• _Directions for this task_
From the material below, please set down exactly the lines starting with the one with "北京等28個(gè)城市推行" and going on through the one with "У верхню сторону", without a single picture.

===== Given records =====

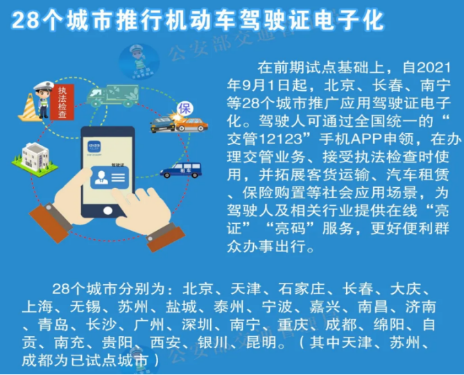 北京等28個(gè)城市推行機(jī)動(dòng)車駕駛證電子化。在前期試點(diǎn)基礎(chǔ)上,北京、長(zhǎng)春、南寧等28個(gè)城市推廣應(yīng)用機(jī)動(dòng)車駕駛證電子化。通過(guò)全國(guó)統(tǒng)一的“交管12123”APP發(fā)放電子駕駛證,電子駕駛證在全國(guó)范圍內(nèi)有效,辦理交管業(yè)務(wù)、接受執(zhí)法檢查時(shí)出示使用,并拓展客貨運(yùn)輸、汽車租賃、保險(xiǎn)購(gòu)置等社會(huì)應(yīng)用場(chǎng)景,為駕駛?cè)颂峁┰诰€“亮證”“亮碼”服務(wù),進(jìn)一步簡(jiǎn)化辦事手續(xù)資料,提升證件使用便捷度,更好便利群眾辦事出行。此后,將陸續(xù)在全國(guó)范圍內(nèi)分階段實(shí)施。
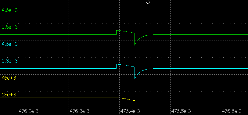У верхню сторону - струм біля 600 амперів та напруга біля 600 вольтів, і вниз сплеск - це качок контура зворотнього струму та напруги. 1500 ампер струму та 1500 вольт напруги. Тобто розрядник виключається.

=====
===== Given records =====

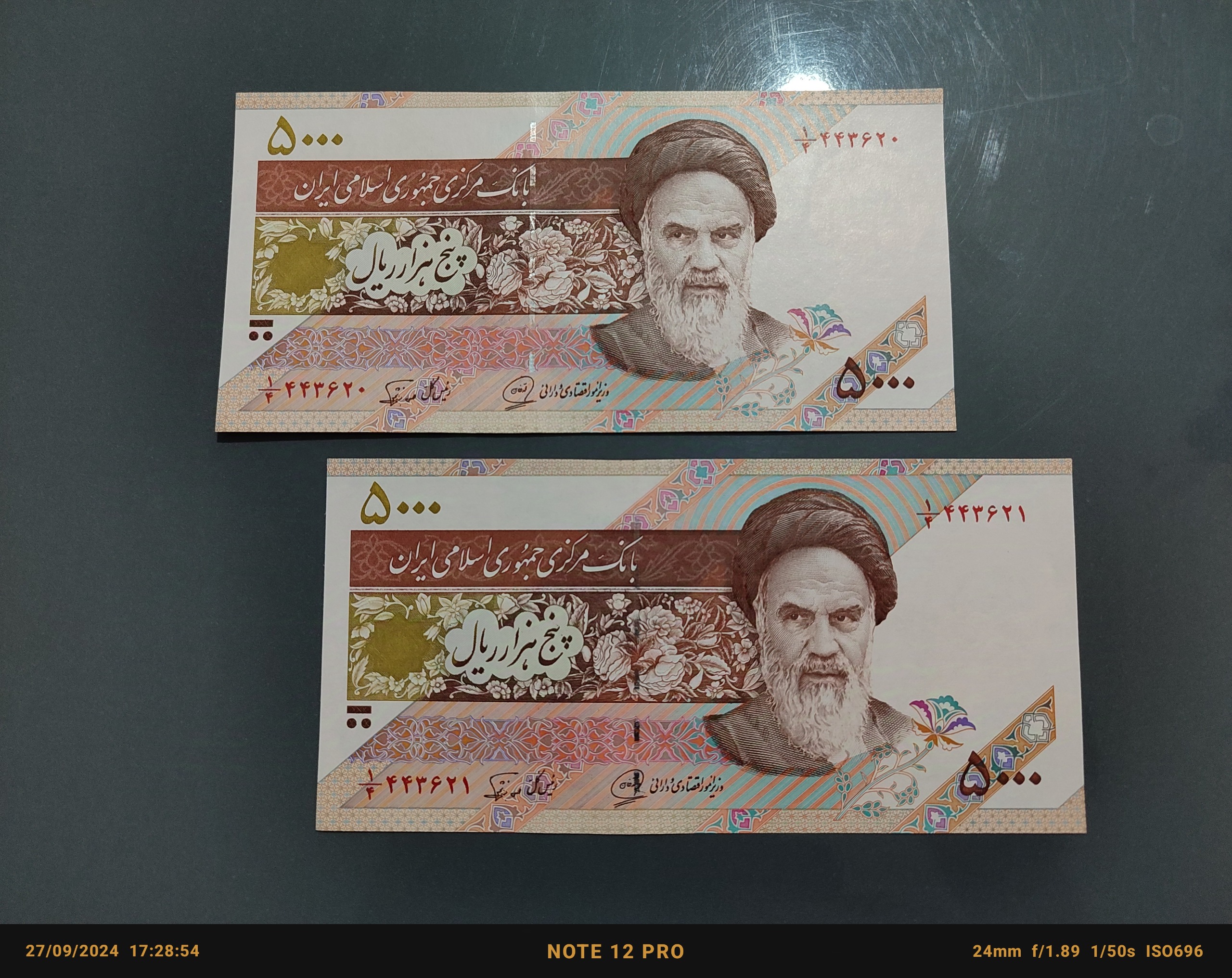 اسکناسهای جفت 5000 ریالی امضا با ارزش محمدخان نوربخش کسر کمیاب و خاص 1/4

=====
===== Given records =====

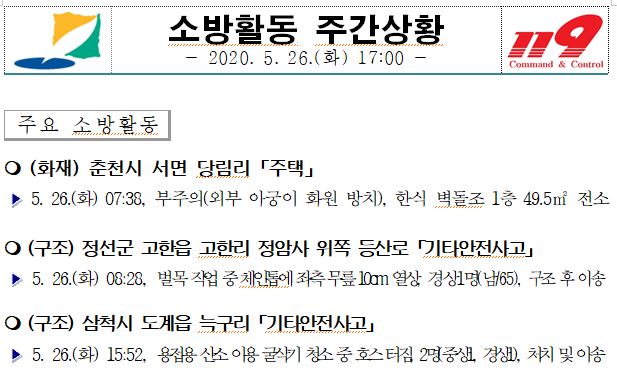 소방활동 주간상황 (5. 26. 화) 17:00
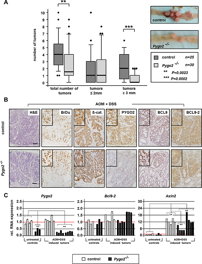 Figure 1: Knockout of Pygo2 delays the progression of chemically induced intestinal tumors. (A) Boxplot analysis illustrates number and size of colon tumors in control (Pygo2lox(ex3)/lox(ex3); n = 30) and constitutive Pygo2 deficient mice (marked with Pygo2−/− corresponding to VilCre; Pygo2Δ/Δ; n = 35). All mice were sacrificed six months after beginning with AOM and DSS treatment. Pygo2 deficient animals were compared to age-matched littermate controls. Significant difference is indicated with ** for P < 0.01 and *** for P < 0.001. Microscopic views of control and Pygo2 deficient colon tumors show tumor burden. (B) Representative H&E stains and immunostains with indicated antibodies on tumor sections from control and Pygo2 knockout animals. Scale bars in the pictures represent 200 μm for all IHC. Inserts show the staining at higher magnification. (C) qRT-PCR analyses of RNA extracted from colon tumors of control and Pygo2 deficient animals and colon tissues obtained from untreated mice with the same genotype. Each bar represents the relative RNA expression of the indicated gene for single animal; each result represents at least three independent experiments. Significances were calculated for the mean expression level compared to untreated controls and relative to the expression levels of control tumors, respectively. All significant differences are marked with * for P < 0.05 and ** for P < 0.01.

=====

• _Task result_
 北京等28個(gè)城市推行機(jī)動(dòng)車駕駛證電子化。在前期試點(diǎn)基礎(chǔ)上,北京、長(zhǎng)春、南寧等28個(gè)城市推廣應(yīng)用機(jī)動(dòng)車駕駛證電子化。通過(guò)全國(guó)統(tǒng)一的“交管12123”APP發(fā)放電子駕駛證,電子駕駛證在全國(guó)范圍內(nèi)有效,辦理交管業(yè)務(wù)、接受執(zhí)法檢查時(shí)出示使用,并拓展客貨運(yùn)輸、汽車租賃、保險(xiǎn)購(gòu)置等社會(huì)應(yīng)用場(chǎng)景,為駕駛?cè)颂峁┰诰€“亮證”“亮碼”服務(wù),進(jìn)一步簡(jiǎn)化辦事手續(xù)資料,提升證件使用便捷度,更好便利群眾辦事出行。此后,將陸續(xù)在全國(guó)范圍內(nèi)分階段實(shí)施。
У верхню сторону - струм біля 600 амперів та напруга біля 600 вольтів, і вниз сплеск - це качок контура зворотнього струму та напруги. 1500 ампер струму та 1500 вольт напруги. Тобто розрядник виключається.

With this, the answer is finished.